(Beginning of DATA FOR THIS EXERCISE)

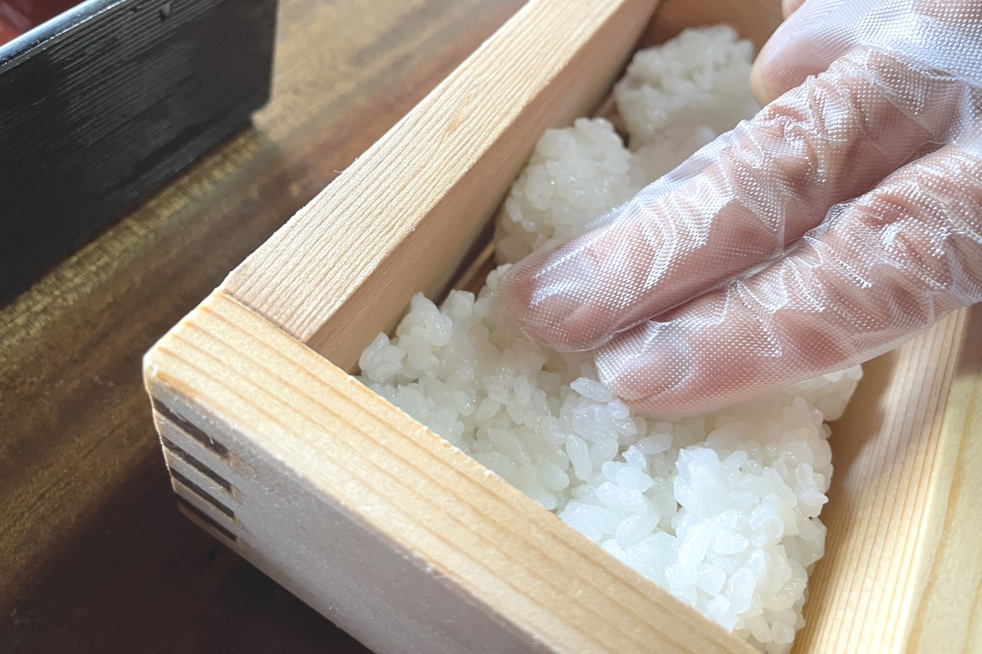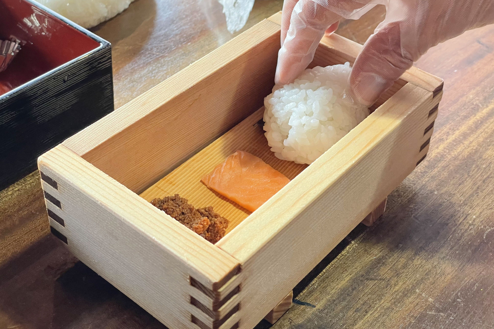 目の前に準備されたのは、酢飯や具材、それらを敷き詰めて入れる木製の型。では押寿しを作っていきましょう!
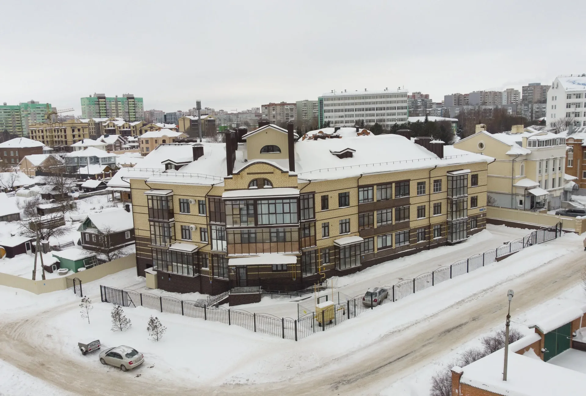 В этом году наша компания построила 3 малоэтажных кирпичных дома, с облицовкой из дерева, в исторической части города по адресу: улица Бурмагиных, дом 29А, корпус 1, корпус 2 и корпус 3.
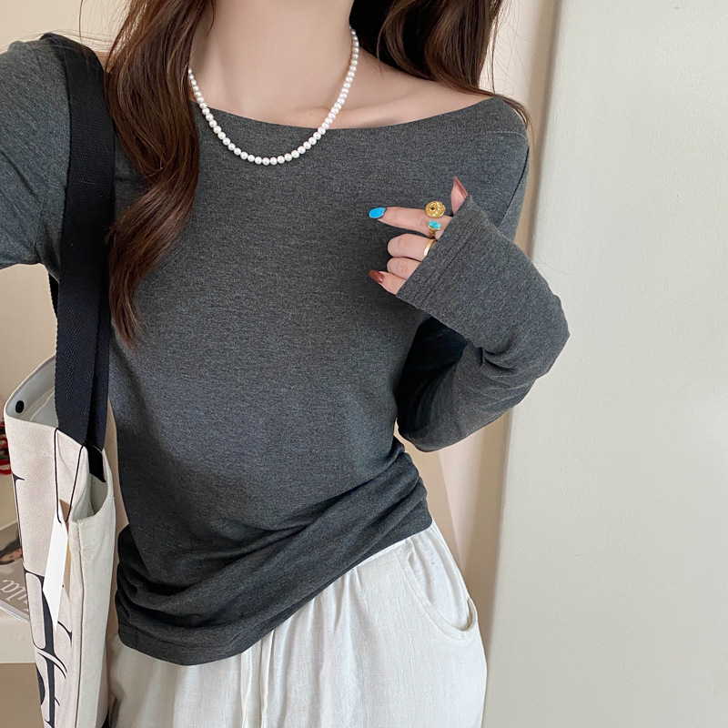甜辣一字肩长袖打底衫露肩T恤女早秋新款荡领设计感修身斜肩上衣
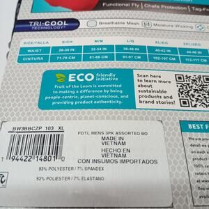 The Fruit of the Loom Men's Breathable Micro-Mesh Boxer Briefs 3 Pack in size XL offers a comfortable and stylish underwear option for men. Made from a blend of polyester, spandex, and mesh, these boxer briefs feature a solid multicolor design and a quick-dry, breathable fabric. With features like a coolzone support pouch and tri-cool technology, these boxer briefs provide support and comfort throughout the day, making them ideal for active men or those who prefer a colorful and sporty style. Made in Vietnam, these boxer briefs come in a pack of three, providing a great value for the price.
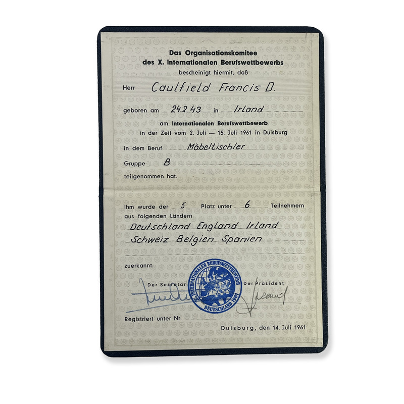 - Fifth place certificate to Francis Desmond Caulfield in Cabinetmaking, 10th International Vocational Training Competition, Duisburg 1961

(End of DATA FOR THIS EXERCISE)

EXERCISE BRIEF »
Set the records down again exactly as given, and leave the pictures out.

SOLUTION BELOW »
 目の前に準備されたのは、酢飯や具材、それらを敷き詰めて入れる木製の型。では押寿しを作っていきましょう!
 В этом году наша компания построила 3 малоэтажных кирпичных дома, с облицовкой из дерева, в исторической части города по адресу: улица Бурмагиных, дом 29А, корпус 1, корпус 2 и корпус 3.
甜辣一字肩长袖打底衫露肩T恤女早秋新款荡领设计感修身斜肩上衣
 The Fruit of the Loom Men's Breathable Micro-Mesh Boxer Briefs 3 Pack in size XL offers a comfortable and stylish underwear option for men. Made from a blend of polyester, spandex, and mesh, these boxer briefs feature a solid multicolor design and a quick-dry, breathable fabric. With features like a coolzone support pouch and tri-cool technology, these boxer briefs provide support and comfort throughout the day, making them ideal for active men or those who prefer a colorful and sporty style. Made in Vietnam, these boxer briefs come in a pack of three, providing a great value for the price.
 - Fifth place certificate to Francis Desmond Caulfield in Cabinetmaking, 10th International Vocational Training Competition, Duisburg 1961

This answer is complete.